I got the news of your birth when I was working at the public library in Evanston, Illinois.

"She's here!" My mother said, her excitement vibrating over the phone lines. "She's here!"

You were given a name that makes you automatically sound royal. And so you were with your olive skin and serious eyes.

Because I saw you only on vacations and visits home, you seemed to grow quickly. Moving from mewling cub to sprinting toddler in a blink. I have a photo of you sitting on my lap in the back yard of our grandmother's house. Your legs barely reach the bend of my knee. In another photo, we take the same pose and your legs are longer, slimmer, your baby teeth like seed pearls in your shy smile.

I thought of you as a baby for a long time. I scooped you up in my arms or pulled you into my lap for years.
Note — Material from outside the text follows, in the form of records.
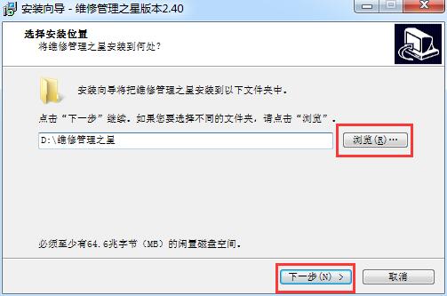 1.知识兔双击安装文件,出现软件的安装界面,知识兔选择安装位置,默认的是【D:\维修管理之星】,知识兔可以单击【浏览】自定义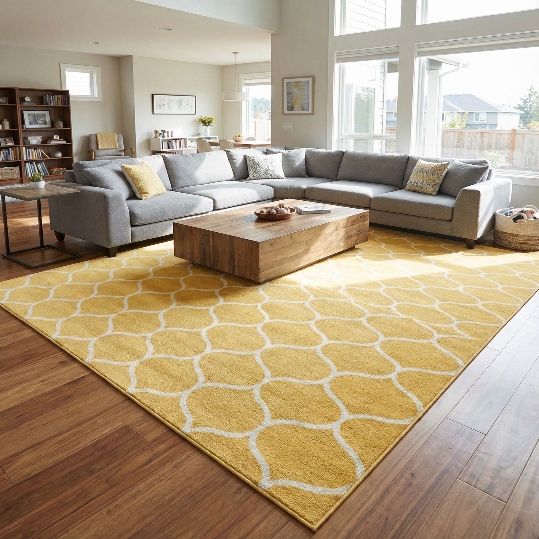 Machine-made from 100% polypropylene, this rug delivers consistent color and construction that suits everyday living. Its low profile and durable fiber make it a good choice for a living room under a coffee table, a bright breakfast nook, a child’s play area, or layered in a casual bedroom. Pair it with natural wood tones and white trim for a fresh coastal or Scandinavian look, use navy and gray accents for a modern contrast, or mix in woven textures and brass finishes for a warm, contemporary feel.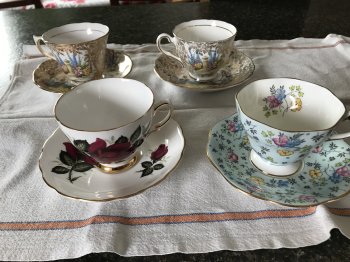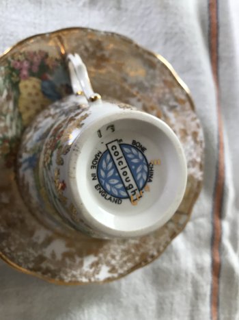 2 matching Colclough Bone China by Ridgeway ?Lady in Yellow and Blue?

You were a little girl at my wedding with a mouth full of braces and flowers in your hair, but your poise at the microphone as you read a toast hinted at the woman you would become.

Now, nearly ten years later, you are grown. Your olive skin is stretched over strong arms and legs and your brown eyes are wise beyond their years. I look forward to the times that our visits home intersect, to the break in my family life that lines up with your college life.

My kids ask for you, wonder when they'll see you. They love you because though you are now able to buy wine in the grocery store, you are still willing to bounce for hours on the trampoline or behave like a chicken in an impromptu performance at a family barbecue.

You speak French and can take apart and clean a rifle. Your laugh is more of a giggle and because you are just twenty-one, when you bounce on that trampoline nothing on you bounces back. (I try not to hold this against you.) You impress me with your poise, your kindness and your open heart.

With love and excitement for your future.